Jésus se donne, les saints se donnent, des hommes et des femmes dont nous ignorons peut-être l’identité nourrissent notre existence et révèlent le visage du Dieu vivant. Frères et sœurs, c’est le dimanche du Dieu qui se donne au fil de notre marche avec les méandres et les passages au désert, les jours où nous ne comprenons pas très bien ce qui nous arrive. « Lève-toi et mange, car il est long le chemin qui te reste ». Dieu ne lui dit pas qu’il est bientôt arrivé mais que le chemin est encore long et sinueux voire escarpé.
Et bien c’est là que le prophète Elie tout comme Moïse en son temps est attendu par Dieu.

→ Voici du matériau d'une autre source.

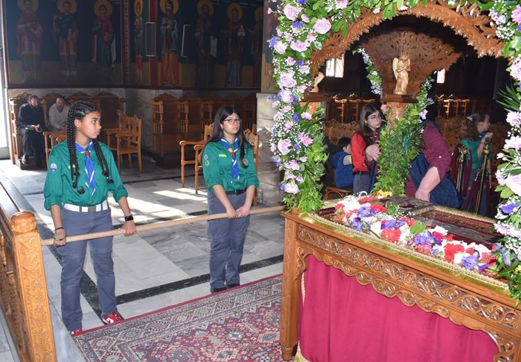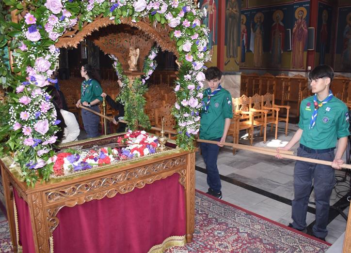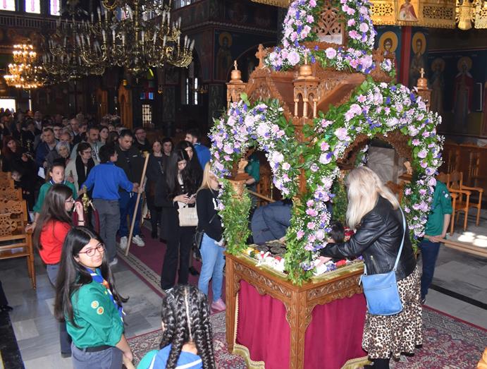 Στην ενορία των Αγίων Κυρίλλου και Μεθοδίου, από νωρίς το πρωί οι πιστοί προσκύνησαν το δράμα του Θεανθρώπου. Ο επιτάφιος, έργο τέχνης από άνθη, ήταν ένα σημείο αναφοράς για την κοινότητα, που συγκεντρώθηκε για να βιώσει μαζί το κορυφαίο γεγονός της Χριστιανοσύνης.
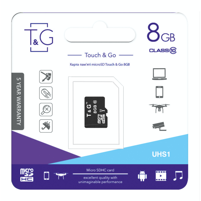Карта пам"яті T&G microSD (UHS-1) (micro SECURE DIGITAL High Capacity). Сумісна з усіма пристроями читання і запису флеш-карт стандарту microSD, такими як мобільні телефони, комунікатори, MP3-плеєра і т.п.
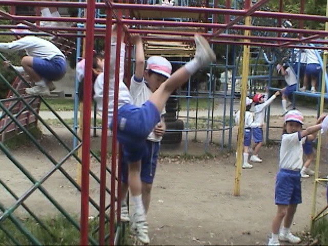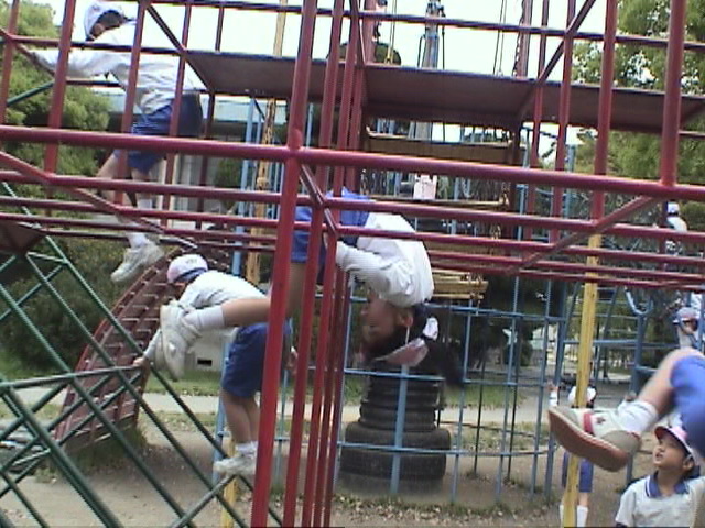 ロケットタワー (ジャングルジム)で イラストのように やってみよう! |
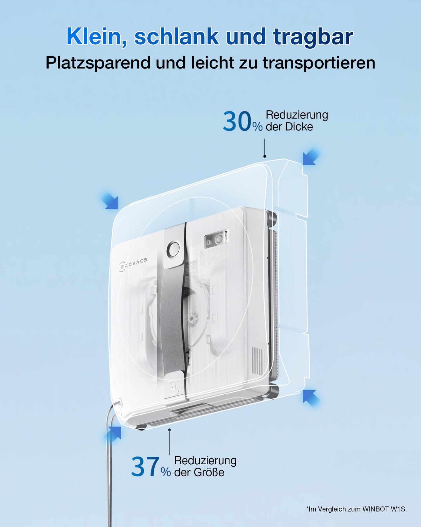 - 【Schlankes & kompaktes Design】Durch sein einzigartig kleines und dünnes Design kann der WINBOT MINI neben bodentiefen, rahmenlosen oder kippbaren Fenstern nun auch Bereichen abdecken, die größere Fensterputzroboter bislang nicht erreichen konnten. Der WINBOT MINI kann sehr kleine Fenster mit einer einzigen Seitenlänge von weniger als 30 cm reinigen und auch unterhalb von Fenstergriffen (der Abstand zwischen Griff und Glas beträgt etwa 50 - 80 mm).
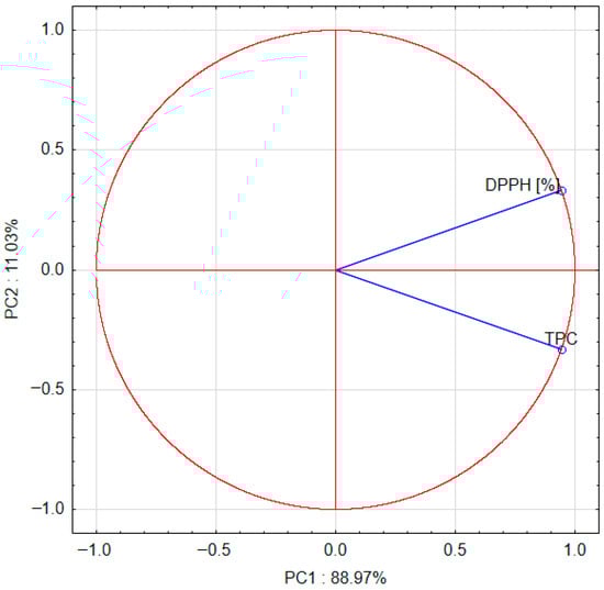 Projection of variables: DPPH (2,2-diphenyl-1-picrylhydrazyl) and TPC (total phenolic content) on the PC1 and PC2 score plot.
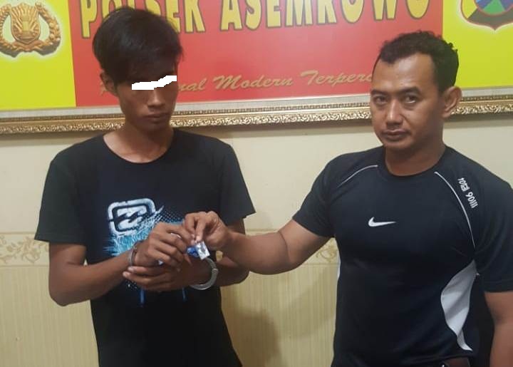 Seputarperak.com- Unit Reskrim Polsek Asemrowo, Polres Pelabuhan Tanjung Perak mengamankan seorang pria pengguna narkoba jenis sabu, Senin, 24 Desember 2018.
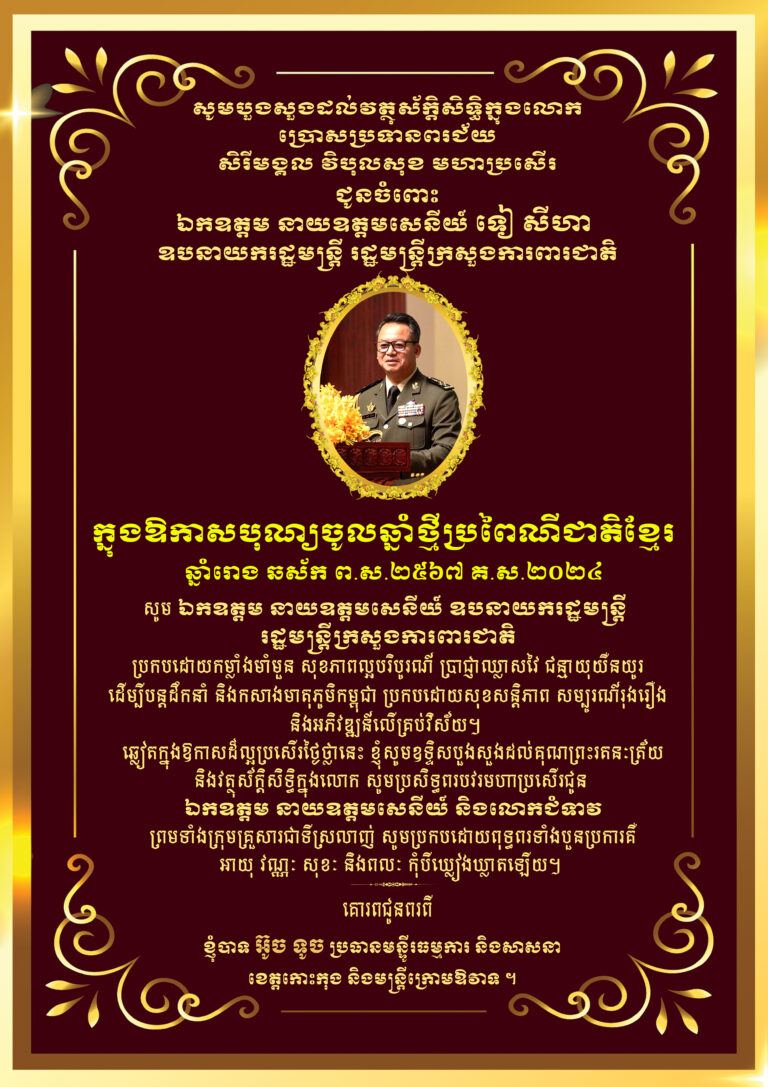សូមបួងសួងដល់វត្ថុស័ក្តិសិទ្ធិក្នុងលោក ប្រោសប្រទានពរជ័យ សិរីមង្គល វិបុលសុខ មហាប្រសើរ ជូនចំពោះ ឯកឧត្តម នាយឧត្តមសេនីយ៍ ទៀ សីហា ឧបនាយករដ្ឋមន្ត្រី រដ្ឋមន្ត្រីក្រសួងការពារជាតិ ក្នុងឱកាសបុណ្យចូលឆ្នាំថ្មីប្រពៃណីជាតិខ្មែរ ឆ្នាំរោង ឆស័ក ព.ស.២៥៦៧ គ.ស.២០២៤ គោរពជូនពរពី ខ្ញុំបាទ អ៊ូច ទូច ប្រធានមន្ទីរធម្មការ និងសាសនា ខេត្តកោះកុង និងមន្ត្រីក្រោមឱវាទ
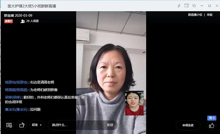 为了实现学生的“云端实习”,护理教学办公室和临床科室的老师们提前一周积极策划网络授课方式,建立了实习微信群,搭建实习科室、带教老师与学生们联系的桥梁,并按照实习安排开展网络授课。各科室的带教老师在保障临床和疫情防控工作的同时,利用微信群、QQ群和其他教学平台,通过直播、录播等形式,完成授课、教学查房等教学任务。通过直播示教、录制视频等形式,让学生熟悉本科室特色的护理操作。为了确保教学质量,带教老师们还督促学生书写相应的学习笔记上传,通过线上答题等形式完成出科考试。
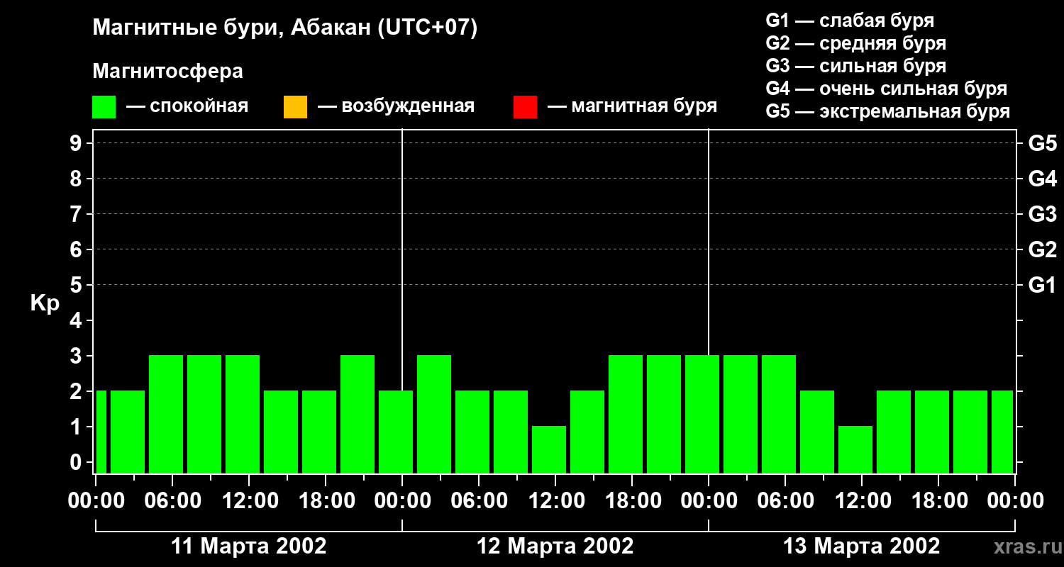 Изменения геомагнитного индекса Kp с 11 по 13 марта 2002 года для средних широт
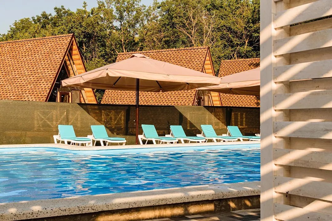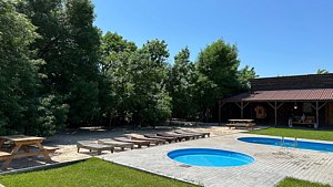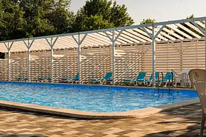 Тип бассейна: открытый бассейнРядом с бассейном: шезлонгиПериод работы: летний сезонБольшой бассейн с зоной отдыха. Работает с мая по сентябрь.

Il est vide, le quotidien est pour le moins monotone et Dieu est là parce qu’il est démuni, face à lui-même, sans protection ni moyen de fuir. C’est là que tombe la promesse de la vie éternelle, le pain pour la route qui non seulement est longue mais ne finit pas. C’est la vie sans fin où nous serons parfaitement présents au Dieu qui se donne.
Nous avons peut-être un peu perdu de vue cette exigence d’être présent à ce que l’autre nous dit, à ce qu’il nous donne, à sa vie. Le Christ vient mendier cette présence et cette attention et il se fait présence. « Dieu seul suffit » disait Thérèse d’Avila, cette autre grand figure du Carmel. Découvrons cette présence désintéressée et pleine d’amour devant Dieu et pour Dieu. C’est la vie éternelle.